Schon seit vielen Wochen arbeiten Flüchtlinge sowie zahlreiche einheimische Jungen und Mädchen an der Kunstbrücke, indem sie Schlüsselkästen bauen und Bänder schneiden. "Die Kästen haben wir an Schulen und öffentlichen Gebäuden verteilt", erklärt Annamalt. "Dort hinein können Menschen ihre alten Schlüssel samt einem Willkommenschildchen werfen. Sie sollen ein Symbol für das Aufschließen, nicht für das Abschließen sein. Für offene Türen und eine offene Gesellschaft." Eingesammelt werden die Boxen nach und nach, so etwa 14 Tage nach dem Eröffnungsfest am 17. Juni. Wiederum in einer öffentlichen Aktion hängen die jungen Menschen die Schlüssel dann an der Brücke auf. Um diese dort befestigen zu können, knüpfen Annamalt und ihre Helfer Streifen von bunter Ballonseide an beide Seiten der Brücke.

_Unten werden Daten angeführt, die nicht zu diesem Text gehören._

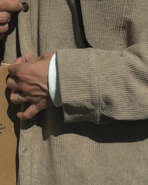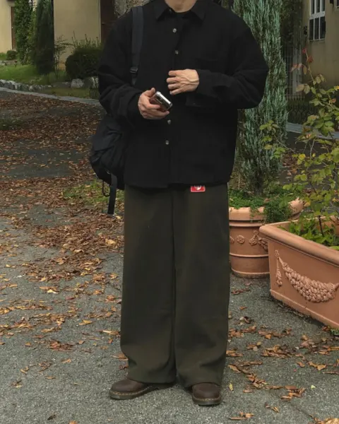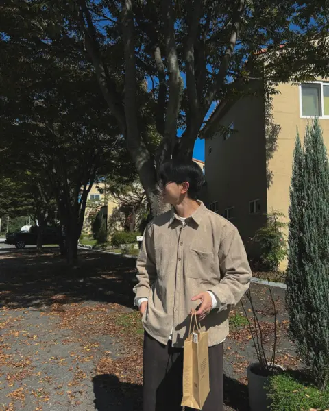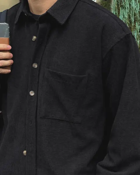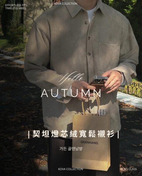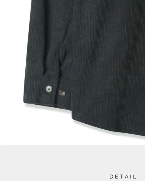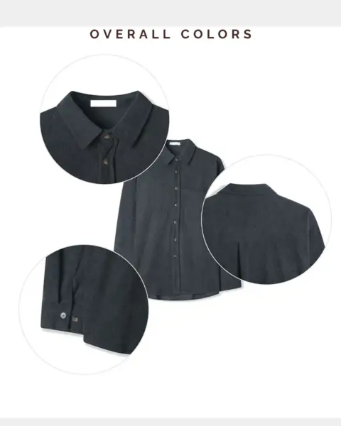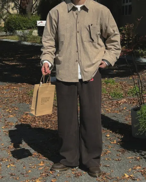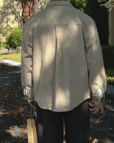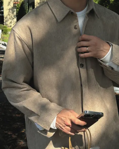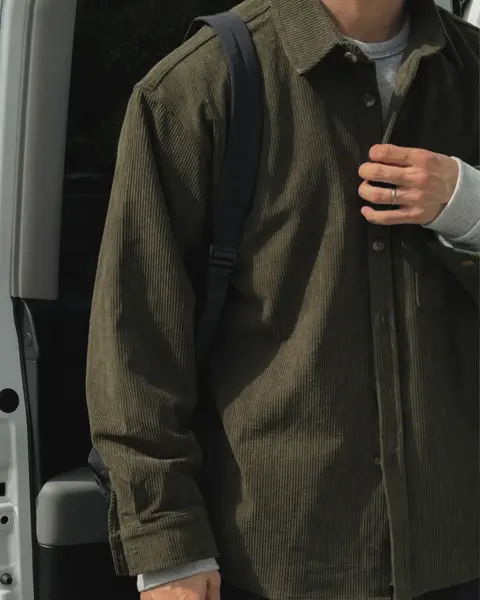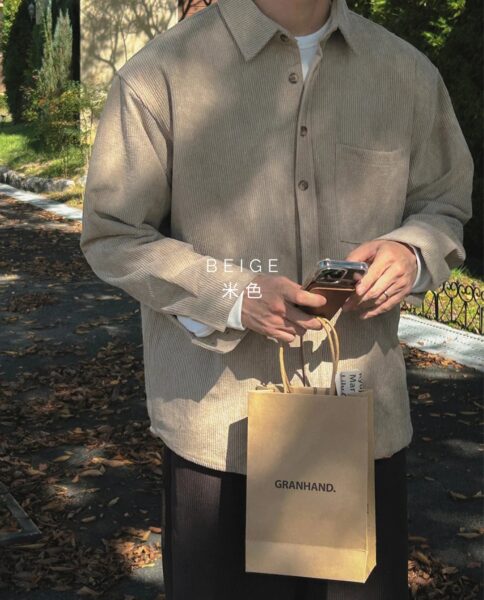 以「燈芯絨 골덴」面料製作的寬鬆版型襯衫,厚度偏有份量,穿起來更像外套感的襯衫外搭;單穿也行,搭在 T-shirt 外面當層次外套更好看。此款為海外生產,官方主打價格友善;尺寸為 F,建議穿著範圍約 95–110。

"An die 1000 Bänder knoten wir dort fest. Deshalb starten wir damit bereits am Donnerstag, 15. Juni, ab 15 Uhr", sagt Annamalt, die 2014 gemeinsam mit dem im Oktober 2016 gestorbenen Künstler Edward Naujoks den rheinland-pfälzischen Friedenspreis erhielt. Wenn die Besucher zum Fest an die Brücke kommen, sollen auch sie alte Schlüssel mitbringen, ihre persönlichen Botschaften dazuschreiben und diese an den Bändern befestigen. Auch nach der Eröffnung kann jeder seine Schlüssel mitbringen und sie mit Grußschildchen anknoten. Zusätzlich können alle Besucher der Gartenfeldbrücke ihre Hände bemalen und diese fotografieren lassen. Die Fotos erscheinen bei späteren Aufführungen der Performance auf Bannern und Schlüsselschildern und werden im sozialen Netzwerk Facebook veröffentlicht. Jedem steht frei, was er mit seinen Händen vermitteln will: So will Annamalt Berührungsängste abbauen. Dafür stehe auch die Tür Europa.
Das Türblatt dieses Symbols, das eigens für den Eröffnungstag aufgebaut wird, bestehe aus 700 Schlüsseln - eine Mahnung an Menschen, die sich entscheiden müssten, ob sie in einem aufgeschlossenen oder abgeriegelten Europa leben wollten.
Doch ohne Geld funktionieren auch wohlmeinende Projekte nicht. Finanzielle Unterstützung gibt es unter anderem vom Landesministerium für Integration und Familie, der Rehkitz-Stiftung und dem Ortsbeirat Trier-Mitte/Gartenfeld.
Marion Pomas Strategie ist langfristig ausgelegt. Sie will das "Tor zum Gartenfeld" mit seiner "Open-Air-Gallery" und wechselnden Installationen zu einer Attraktion für die ganze Stadt machen. Das große Fest am Samstag, 17. Juni, ab 11 Uhr ist nur der erste Akt.
Das zweite Kunstprojekt im August heißt "Richtungen". Die Künstlergruppe Zinkflug wird dann an der Brücke eine im Wortsinn "richtungsweisende" Kunstinstallation anbringen.Extra: DER NAME GARTENFELDBRÜCKE


Die Gartenfeldbrücke verbindet die beiden Ortsteile Mitte und Gartenfeld des Stadtteils Trier-Mitte/Gartenfeld miteinander. Der Name der Brücke leitet sich vom Stadtteil Gartenfeld ab, wo sich im 18. und 19. Jahrhundert ausschließlich Gärtnereien und Gemüsefelder befanden. Heute ist das Viertel vor allem Geschäfts- und Wohnviertel. Die Brücke wurde im Jahr 2011 saniert. Die Sanierung kostete mehr als 200 000 Euro. Bei der Brücke handelt es sich um ein Betonbauwerk mit zwei Betonbögen. Die Bögen sind über Stahlrohre mit der Fahrbahn verankert, wodurch diese gehalten wird. Quelle: WikipediaExtra: DAS PROGRAMM DES BRÜCKENFESTS


Steff Becker und Freunde; Saif al-Khayyat mit TonNot; Jazz-Trio "Black Velvet; Maher Abdul Moaty, Tanzperformance; Kunsthappening von Annamalt zum Mitmachen; Kulinarische Leckerbissen und Aktionen; gegen 13 Uhr wird Oberbürgermeister Wolfram Leibe sprechen.